■ **Required work**:
Print exactly the line that contains "昼食後は山頂付近の一回りして" along with every line beneath it to the end of the records below, and omit pictures.
Data in this exercise: Begin
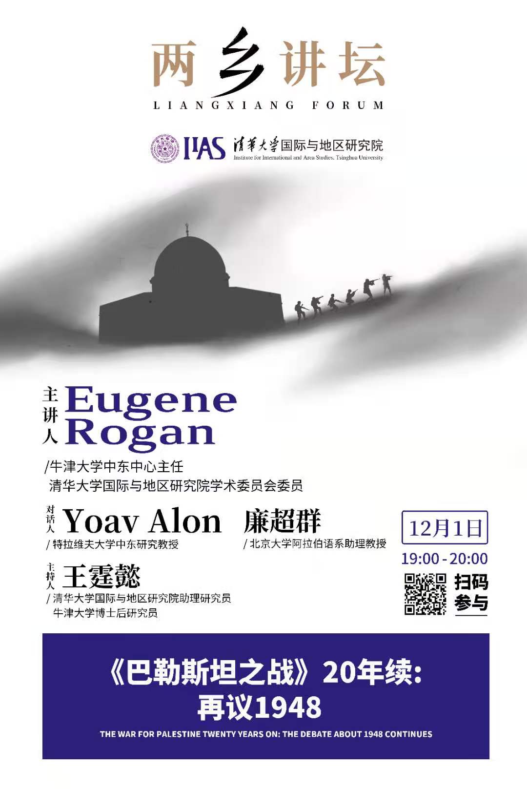 The Palestine issue is one of the most long-standing and complicated one in the Middle East. On the evening of December 1, 2020, Eugene Rogan, Professor of Modern Middle Eastern History at Oxford University and Director of the Middle East Center at St Antony’s College, University of Oxford, gave an online lecture entitled “The War for Palestine Twenty Years On: The Debate About 1948 Continues”. This lecture is the fifth of the “Liang Xiang” Forum, which is organized by Institute for International and Area Studies (IIAS), Tsinghua University. The lecture was also contributed by two interlocutors, and they are Yoav Alon, Professor of Middle East Studies at Tel Aviv University, and Lian Chaoqun, Assistant Professor in the Department of Arabic Language and Literature at Peking University, both of which had an interactive discussion with Professor Rogan in the second half of the lecture. Tingyi Wang, Assistant Professor of IIAS, Tsinghua University and the postdoctoral fellow at University of Oxford, hosted the lecture. Nearly 100 audiences from various institutions domestically and abroad, such as Tsinghua University, Peking University, Chinese Academy of Social Sciences, Beijing Foreign Studies University and Oxford University, attended the lecture.
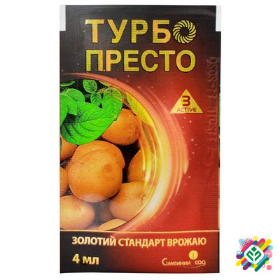 Мінімальна сума замовлення 300 грн. Інсектицид потрійної дії Турбо Престо 3 Актив для Сімейного саду є універсальним засобом, виготовленим на основі трьох діючих речовин, що застосовується для знищення жукарів та сисаючих комах на картоплі, помідорах, огірках, кукурудзі, горошку, яблуні, винограді ...
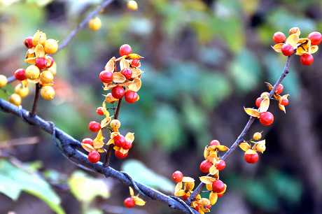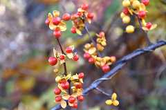 昼食後は山頂付近の一回りして紅葉やツルウメモドキなどカメラに収めてから巻路を利用して縦走路に出て奈良子峠を見送り明王峠を通過して底沢峠から陣馬高原バス停に向かって降る。底沢峠からのコースは往路のセツ久保に比べると道筋も確りしていて利用者が多くいる事が解るが本日は登りのセツ久保、下りの底沢コース一人も逢う事は無く静かな山歩きだが少々寂しさもあり。
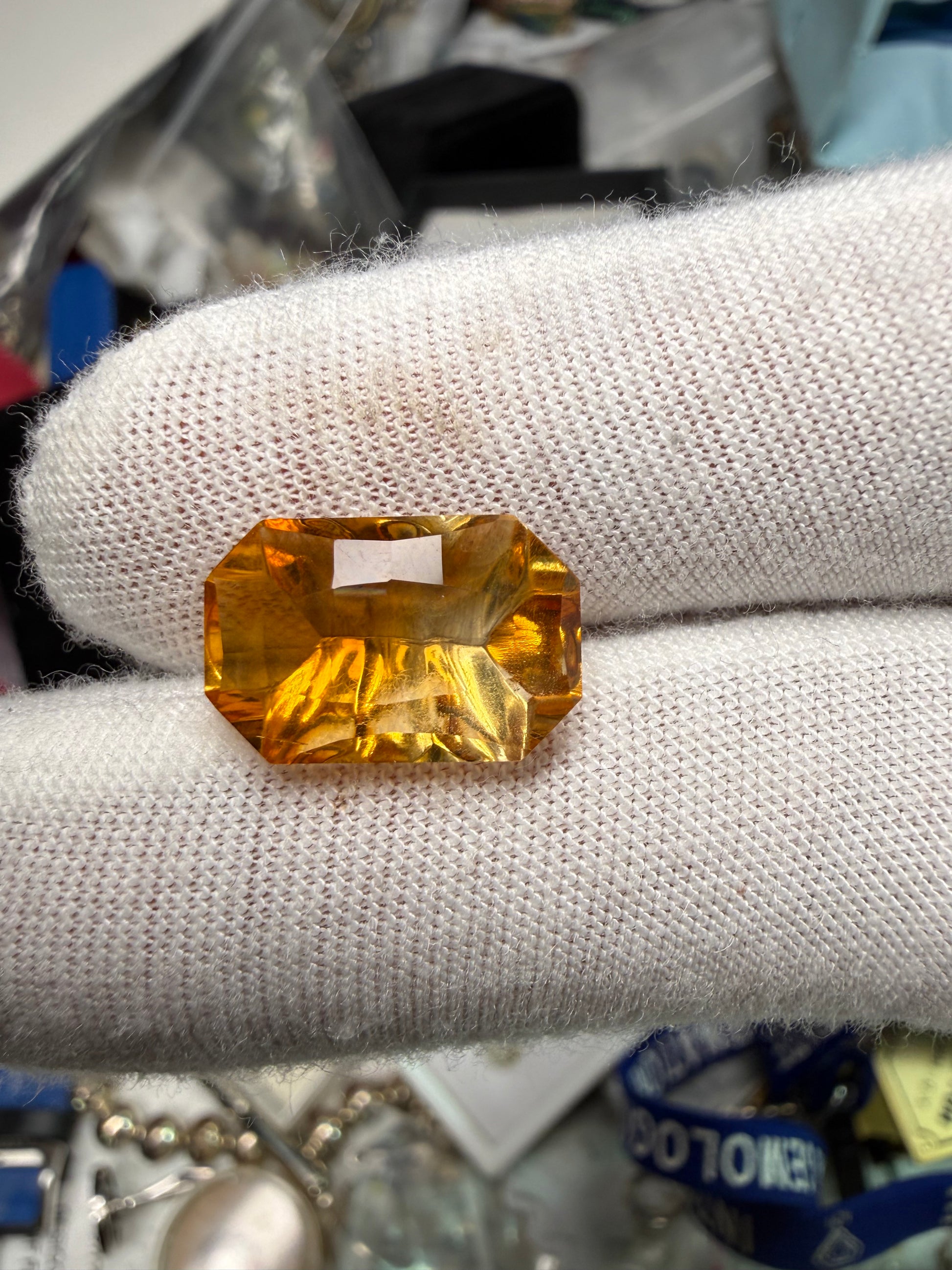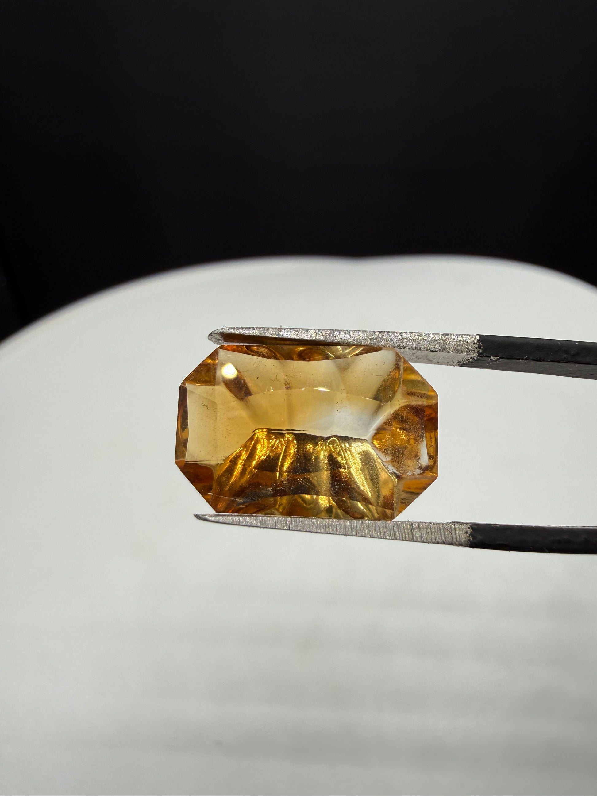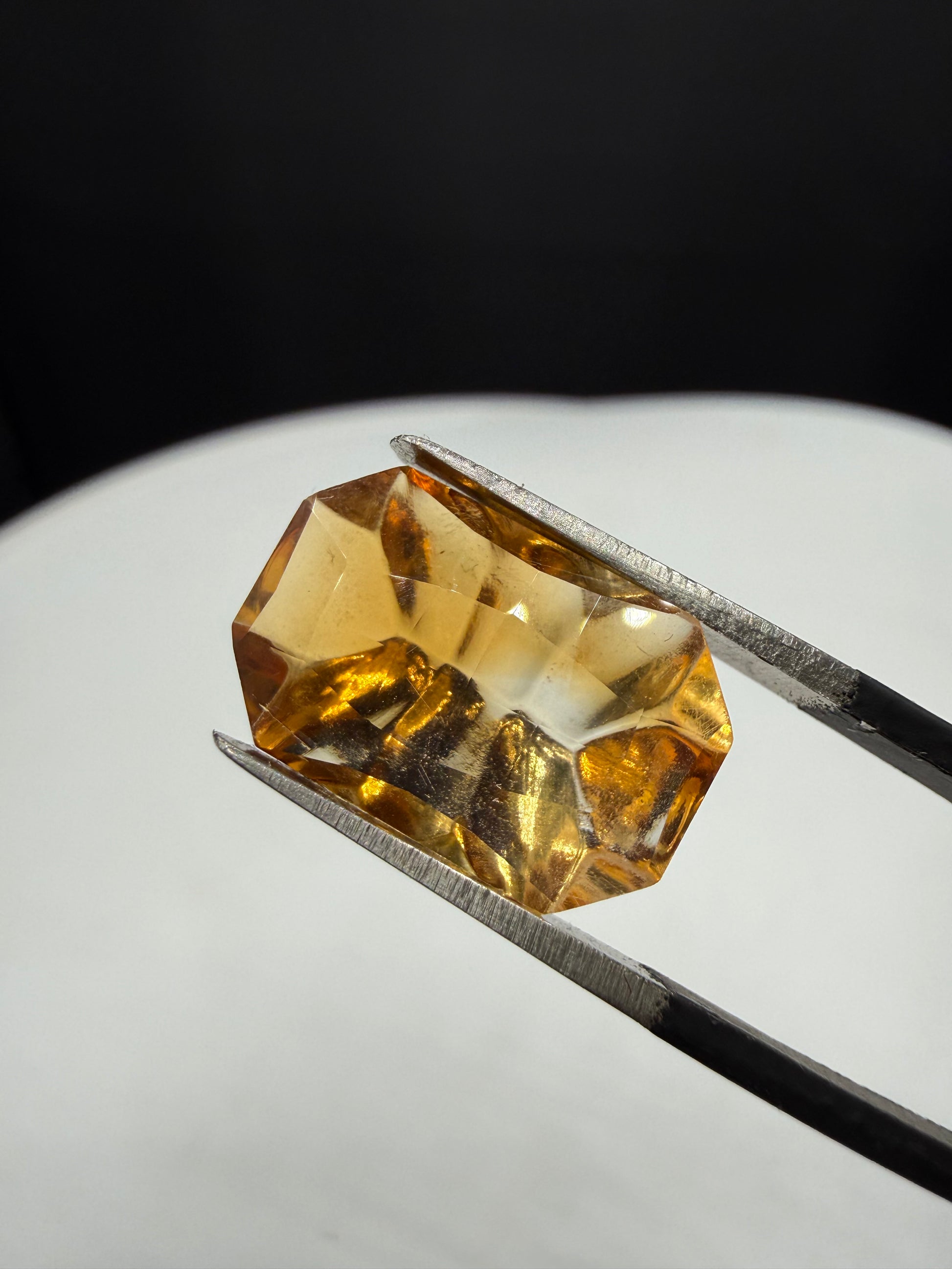 A breathtaking untreated natural citrine, masterfully crafted in a fantasy concave emerald cut with a checkerboard-cut face that catches light from every angle. This gem’s golden brilliance and sculptural faceting make it truly one-of-a-kind — ideal for a custom jewelry design or fine gemstone collection.
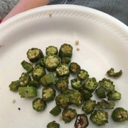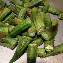 "As a good Southern gardener, I find myself bringing in okra by the armload nearly every other day. Stewed okra is great, but for a little variety, we like to roast ours from time to time. This is so simple and easy and the okra tends to not be nearly as gummy or slimy when roasted. Chopped tomato makes a great addition when we have some handy."
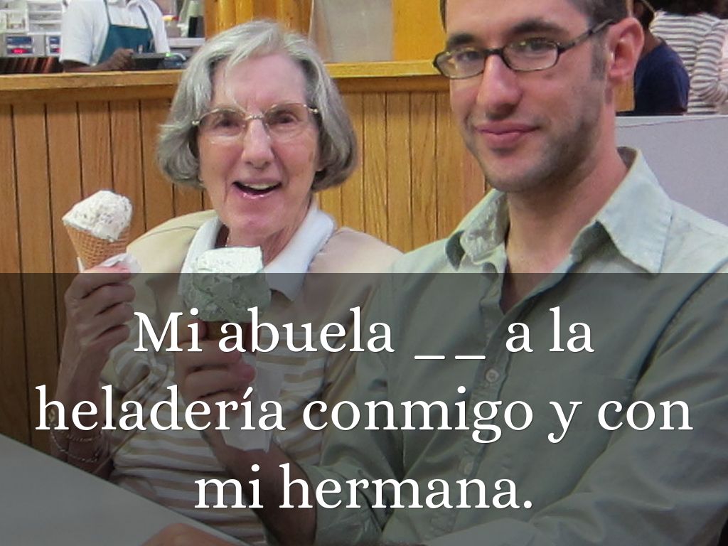 Mi abuela __ a la heladería conmigo y con mi hermana.
Data in this exercise: End
■ **Response to the exercise**:
 昼食後は山頂付近の一回りして紅葉やツルウメモドキなどカメラに収めてから巻路を利用して縦走路に出て奈良子峠を見送り明王峠を通過して底沢峠から陣馬高原バス停に向かって降る。底沢峠からのコースは往路のセツ久保に比べると道筋も確りしていて利用者が多くいる事が解るが本日は登りのセツ久保、下りの底沢コース一人も逢う事は無く静かな山歩きだが少々寂しさもあり。
 A breathtaking untreated natural citrine, masterfully crafted in a fantasy concave emerald cut with a checkerboard-cut face that catches light from every angle. This gem’s golden brilliance and sculptural faceting make it truly one-of-a-kind — ideal for a custom jewelry design or fine gemstone collection.
 "As a good Southern gardener, I find myself bringing in okra by the armload nearly every other day. Stewed okra is great, but for a little variety, we like to roast ours from time to time. This is so simple and easy and the okra tends to not be nearly as gummy or slimy when roasted. Chopped tomato makes a great addition when we have some handy."
 Mi abuela __ a la heladería conmigo y con mi hermana.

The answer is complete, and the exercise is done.